A Jungian Analyst Takes Positive Psychology for a Test Drive
People have asked me what I think about the new Positive Psychology movement—a trend in psychology to research and apply what makes us healthy and happy rather than what’s wrong with us. College courses and self-help books on the subject are both very popular. In reading about positive psychology I found that while the ideas aren’t really new, there is a lot to like in the values and goals, and that while there is significant overlap with the values of Jungian therapy, there are also important differences.
In some ways Carl Jung could be considered a predecessor to the movement: he emphasized growth, development and individuation as lifelong processes, and he focused on the meaning of problems and their possible direction rather than their causes. While many use Jungian analysis to work through problems, many enter it to become more fulfilled.
But there are also differences between the two approaches. First of all, positive psychology is not meant to replace psychotherapy. Though the ideas may be used to alter the therapeutic approach, the self-help it proposes is not intended as a cure for depression or any other mental health issue. And while there is overlap between Jungian analysis and some of the values that Positive Psychology espouses, the journey they suggest to get there is quite different. It seems to me that there are omissions on the positive psychology map that would leave some people lost.
But first, here is a short some of the things I like about positive psychology:
It emphasize values that most philosophers and spiritual teachers have been advocating for millennia: relationships, compassion, meaning and purpose, gratitude, contributing to the greater good, savoring the present, a sense of accomplishment, and reframing difficult events as opportunities for growth.
I appreciate that they say that becoming happy is going to take some effort. Neither therapists nor self-help writers should entice people with promises of easy gains. Barbara Fredrickson, one of the leaders in the movement, suggests that it’s like moving a river, and lists activities to help you move it.
Those therapists adopting this approach emphasize working with clients as self-healers. Rather than looking suspiciously for their defenses and resistance, they look for the client’s natural tendency to want to grow, an attitude that resonates deeply with a Jungian approach. Martin Seligman, the founder of the movement, suggests that we look for the ancient strengths within. Jung would have called these the archetypes of the unconscious.
Their approach also focuses more on the present and future than the past. While I feel that deep change does require understanding of how the past affects us in the present, I also believe that it is possible to focus too much on the past.

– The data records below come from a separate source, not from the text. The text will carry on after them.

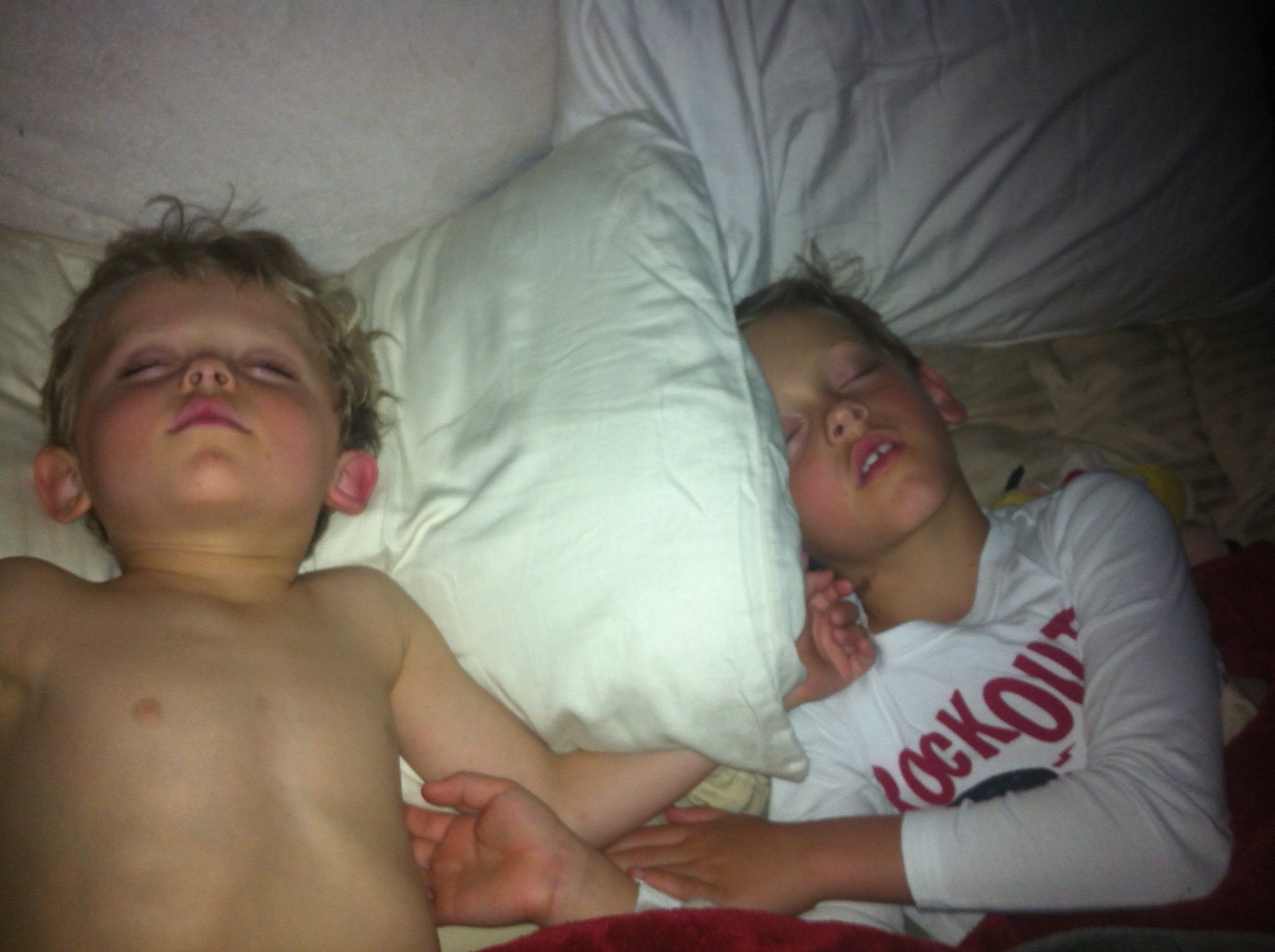 This is what happens when Andy travels….I end up with two blonde monkeys in my bed! 🙂
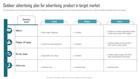 This slide outlines a comprehensive and localized promotional campaign for the new product in the target market. It includes advertising channels such as , billboard, shopping mall signage and bus stop signage. Slidegeeks is one of the best resources for PowerPoint templates. You can download easily and regulate Effective Product Adaptation Outdoor Advertising Plan For Advertising Product In Target Market Download PDF for your personal presentations from our wonderful collection. A few clicks is all it takes to discover and get the most relevant and appropriate templates. Use our Templates to add a unique zing and appeal to your presentation and meetings. All the slides are easy to edit and you can use them even for advertisement purposes. This slide outlines a comprehensive and localized promotional campaign for the new product in the target market. It includes advertising channels such as , billboard, shopping mall signage and bus stop signage.
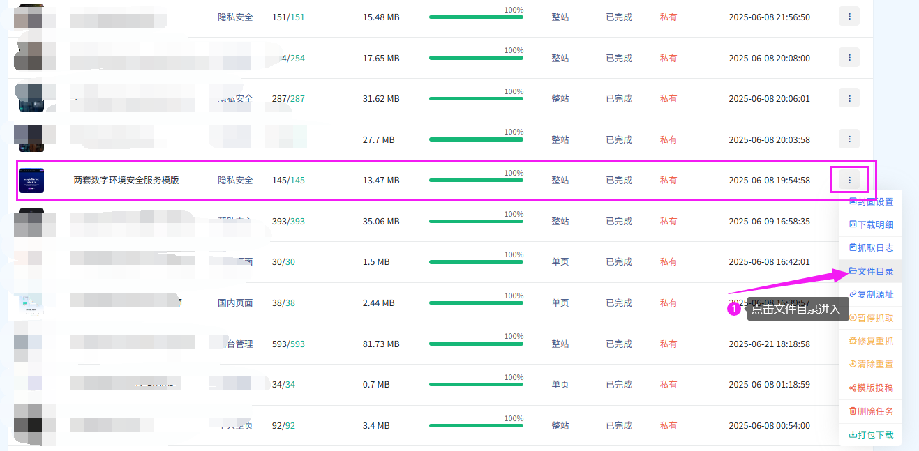 找到刚才生成的快照任务,点击下拉菜单,进入“文件目录”界面。
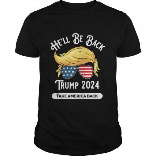 He’ll Be Back Trumo 2024 Take America Back Hair And Glass American Flag shirt, hoodie, sweater, longsleeve and ladies t-shirt
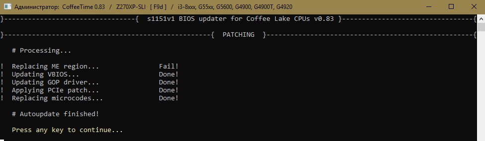 Alexei_Panin Ошибка FPT указывает на неправильное использование параметров запуска в команде. Текущая версия МЕ в вашем случае роли не играет, т.к. на Gigabyte МЕ регион можно без проблем перезаписать - просто прошивайте кофе модбиос целиком. Попробовал модифицировать указанную версию биоса - МЕ меняется абсолютно корректно. Проверьте целостность файлов программы. ES - Engineering sample, инженерные версии процессоров. DualBios - весьма кривая технология, срабатывает не всегда и не на всех платах. Я бы не стал на нее надеяться.
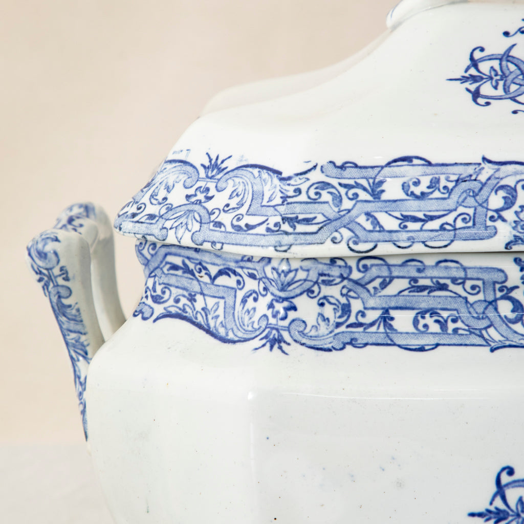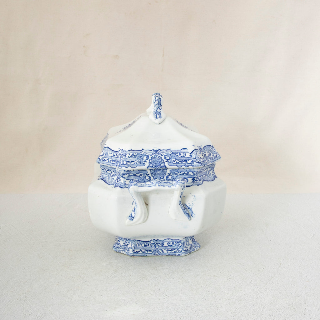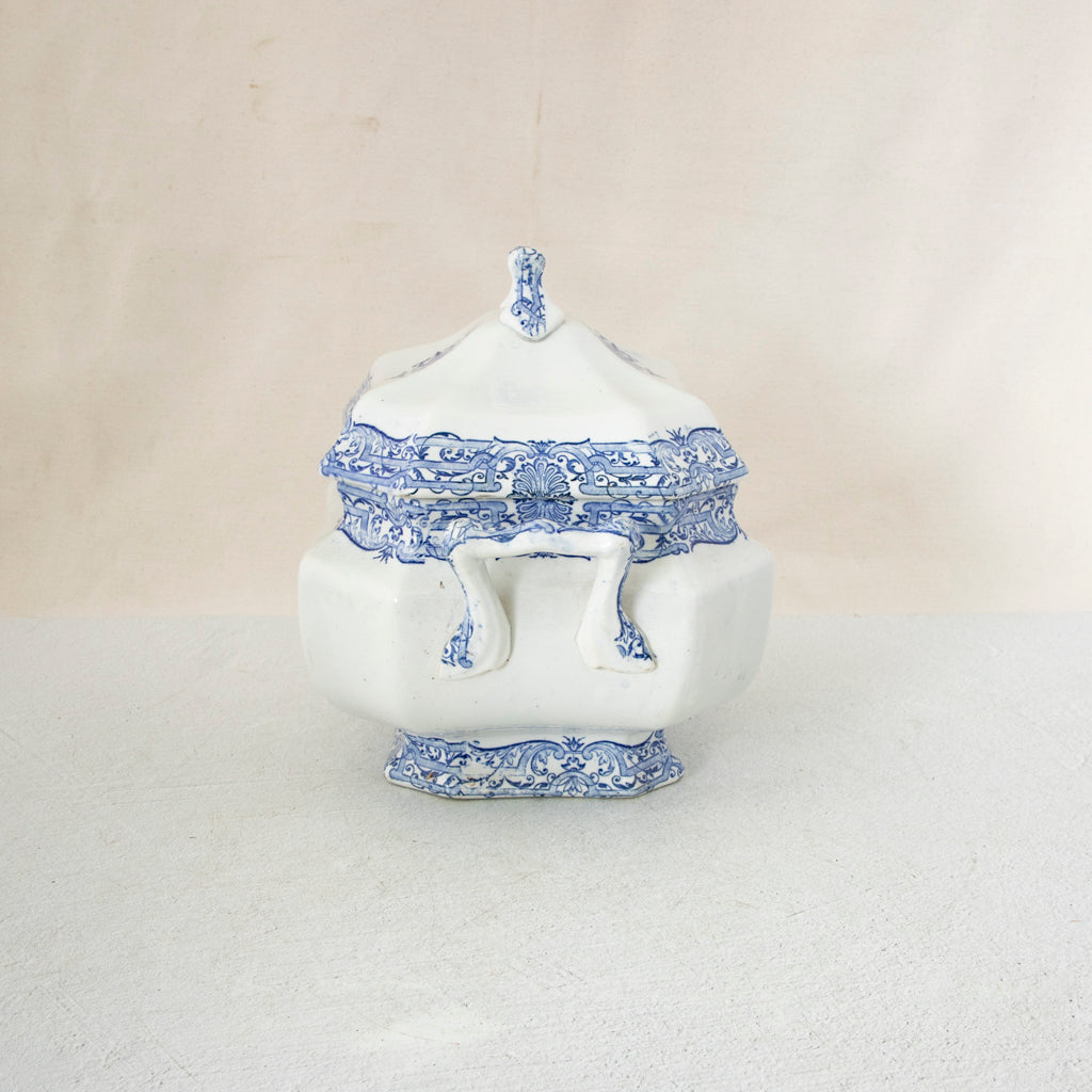 Late nineteenth century blue and white porcelain soup tureen with lid. 12" L X 7.5" W X 9" W

Here is a short list of some of the differences between the two approaches:
If Positive Psychology uses research as its GPS, Jungians use the life events, relationships, symbolism, unconscious and dreams of the individual client, along with the more ancient record of mythology, for guidance. Research is great, but it’s important to remember that it’s based on statistics: with it we can conclude “for many people XY or Z seems to work.” The problem is that these ideas may not work for everyone.
Please don’t get me wrong: if you can read the book, keep up with the exercises and be happier, by all means go for it. But their ideas could also be misconstrued as to who and what they apply to: for many getting happy isn’t so simple, and for others it could shortchange a deeper process.
Positive psychologists have chosen not to focus on the unconscious, that deeper layer of the psyche that houses our devils and our angels. While their exercises may impact the unconscious and result in change, they don’t attempt to understand or develop a relationship with the inner world. It appears to me more like an attempt to control the unconscious rather than cooperate with it. This may become an issue for two reasons: “negative” unconscious issues left unrecognized can cause problems such as depression and anxiety, and positive unconscious possibilities left unrecognized can leave us feeling unfulfilled.
For instance, consider the possibility of an underlying shadow side to a depression. (The shadow is the part of us that we don’t acknowledge to ourselves or to others). If in addition to the more obvious low-self esteem there is also anger, a self-destructive tendency, a fear of betraying others if you are happy, a feeling that you don’t deserve to be happy, secondary gains of attention or reward for suffering, or even an investment in punishing the world with your suffering, a self-help book on happiness probably isn’t going to turn things around, and you’ll probably need some help in understanding what’s underneath to break the pattern. Relating to the unconscious this way can free energy which is otherwise destructive.
The other issue is that for some people, not having a connection with their inner world leaves them feeling unfulfilled, sterile and soulless. When people learn from a dream, find a myth that resonates with their personal experience, or dialogue with a part of themselves they had been alienated from, they experience a sense of wholeness that makes life fulfilling. Looked at this way, depression is actually a call to go inside and see what’s missing. In fact, for many this is the path to the sense of meaning that positive psychology suggests is so important. I don’t believe they would actively discourage this sort of inner work, but some of their cognitive exercises run contrary to it.
I feel that positive psychology has a lot to offer. But I see it not as a final resting place for psychology or the individual, rather as a wave in the ongoing dialectic between the dark and the light. Hopefully in the long run this will help us to avoid the extremes, and instead to hold the opposites together.